The benefits of this approach would be substantial and would include a more efficient and effective approach to environmental protection and so improved environmental outcomes. Importantly, the approach should deliver increased certainty about the timing and extent of Commonwealth involvement. In addition, there should be reduced duplication and an improvement in the efficiency of approvals processes.
The COAG process will also address accreditation issues, the integration of Commonwealth and State heritage regimes and Commonwealth compliance with State environmental laws.
Implementation of the outcomes of the COAG process will require amendments to Commonwealth legislation. Accordingly, I expect to formally initiate a review of Commonwealth environmental law by releasing a discussion paper on possible reforms in the second half of 1997.
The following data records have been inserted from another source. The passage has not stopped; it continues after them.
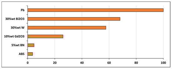 The RAE results were found to clearly distinguish the shielding capabilities of the composites (Figure 12). Lead was measured as the reference material (100%), while ABS–30Bi2O3 was determined to reach ~68%, representing the highest efficiency among the lead-free samples. ABS–30W was observed at ~58%, and ABS–10Gd2O3 at ~26%. Very low efficiencies (<5%) were recorded for ABS–5BN and pure ABS. Generally, the RAE values were shown to align with the attenuation and MAC trends.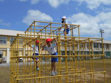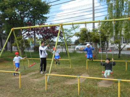 お天気がよくて気持ちのよい日です。1年生がブランコやジャングルジムで遊んでいます。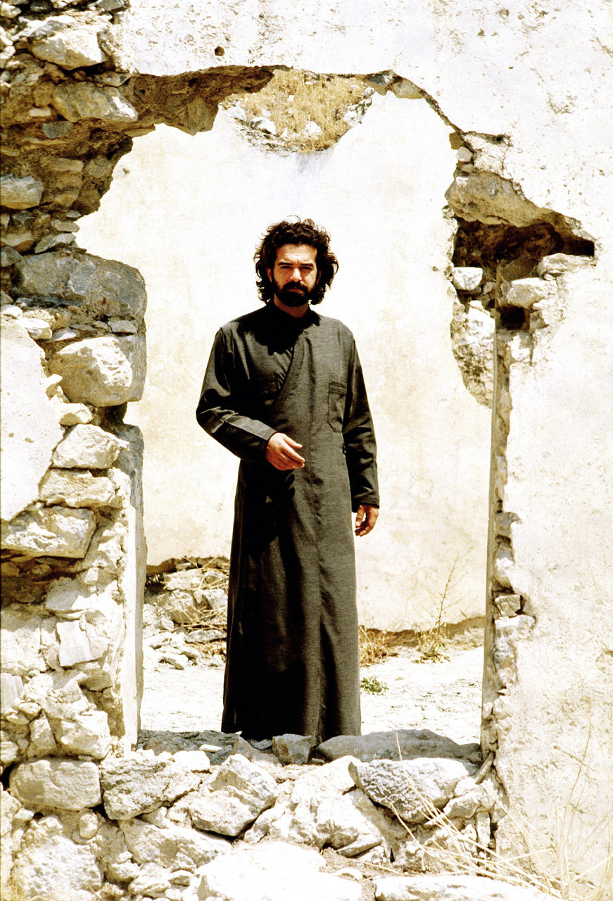Griechenland, Kreta, Mönch in alten Gemäuern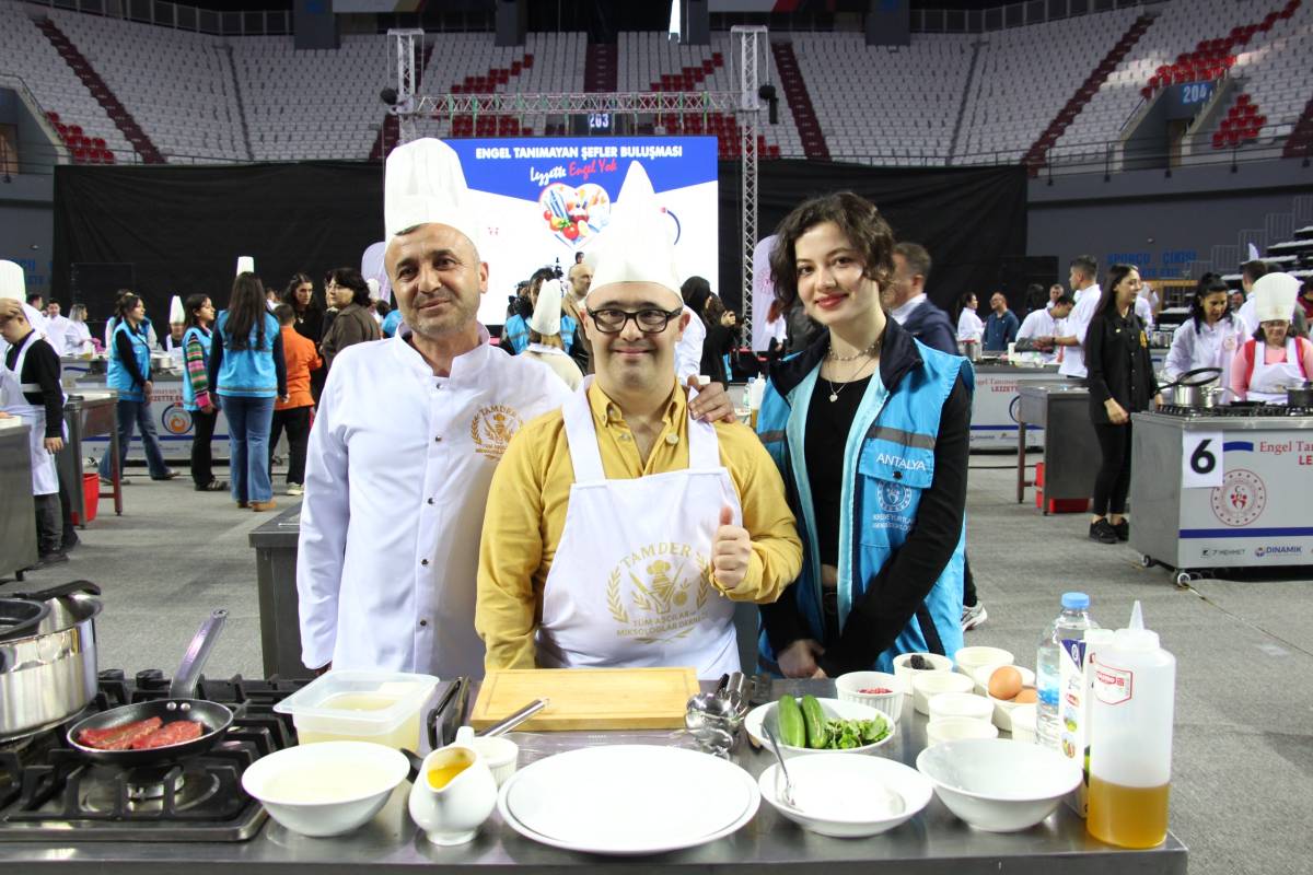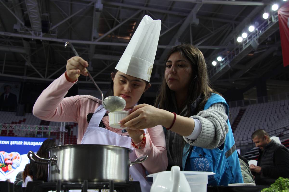 Antalya Valiliği himayesinde Antalya Spor Salonu'ndaki buluşmada, özel gereksinimli bireyler, kentteki ünlü şeflerle yemek yaptı.

The review will also pick up on the public consultation process being carried out by the Australian Heritage Commission on possible reform of the Australian Heritage Commission Act. The options being canvassed by the Commission include focussing Commonwealth involvement in heritage protection on natural and cultural heritage of national significance. Commonwealth involvement in protection of indigenous heritage raises complex issues beyond the scope of my address today. These issues are addressed in the Evatt review of the Commonwealth Aboriginal and Torres Strait Islander Heritage Protection Act.
A key objective of the Review will be to improve the level of protection for the environment. Much of the Commonwealth's legislation is twenty years old and no longer reflects best practice - it must be amended to incorporate the principles of ecologically sustainable development and address in an integrated way the Commonwealth's global and national responsibilities.
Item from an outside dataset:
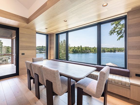 This 2025 Governor’s Island masterpiece designed by Hutker Architects and constructed by Wood & Clay reflects timeless design and exquisite craftsmanship. Features include western red cedar siding with shake roof, 3-car garage, expansive Marvin windows, European white oak millwork, smart-home systems, radiant heat, interior and exterior sound system, and stunning custom finishes. The main level offers soaring ceilings, chef’s kitchen with La Cornue range, Thermador appliances, Galley sink, lakeside dining area, and a primary suite with floor-to-ceiling glass, spa-inspired bath, and direct walkout. The lower level offers a lakeside bedroom, bunk room, office/den, wet bar, second laundry with dog-wash, and slate floors. It is also a wellness retreat with hot stone & infrared sauna, gym with yoga wall and cork floor, and wet-room bath with soaking tub and lake access. Outdoor living is extraordinary with a screened porch featuring a cathedral ceiling, Ipe decking and gas fireplace, covered patio with sun shade, wildflower gardens, extensive hardscaping, hot tub & cold plunge Soake pools, cedar shower, and a three-slip deepwater dock with breakwater, two covered slips, and massive Ipe decks. Governor’s Island residents enjoy a lakefront clubhouse, tennis and pickleball courts, beaches, playground, walking trails, and a vibrant community. This is an opportunity to own one of Lake Winnipesaukee’s most significant estates in New Hampshire's most exclusive lakefront enclave!

The Commonwealth's existing environmental legislation largely reflects a first generation approach to environmental protection - for example, it provides for national parks management but does not address off-reserve conservation of biodiversity. The Review will need to ensure that Commonwealth environmental legislation embraces contemporary approaches to environmental protection including off-reserve conservation, environmental auditing and the use of economic instruments.
The Review must also reduce duplication, improve certainty for proponents and increase the efficiency of approvals processes.
I look forward to NELA's contribution to the process of reviewing Commonwealth environmental law. As a national, multi-disciplinary association dealing with environmental law, I expect your views will be particularly valuable.
I would like to conclude by referring again to the absence from our Constitution of any reference to the environment. In contrast, the recently drafted Constitution of the Republic of South Africa deals explicitly with the environment. It is worth quoting the relevant clause from its Bill of Rights:
Everyone has the right -
(a) to an environment that is not harmful to their health or well being; and
(b) to have the environment protected, for the benefit of present and future generations, through reasonable legislative and other measures that -
(i) prevent pollution and ecological degradation;
(ii) promote conservation; and
(iii) secure ecologically sustainable development and use of natural resources while promoting justifiable economic and social development.
This is a vision which I share. It is also a vision which, notwithstanding the absence of our own Bill of Rights, we will realise. We will realise such a vision through processes reflecting our own constitutional and jurisprudential history and through governments and individuals accepting the obligation to respect the integrity of our environment and the need to protect it for future generations.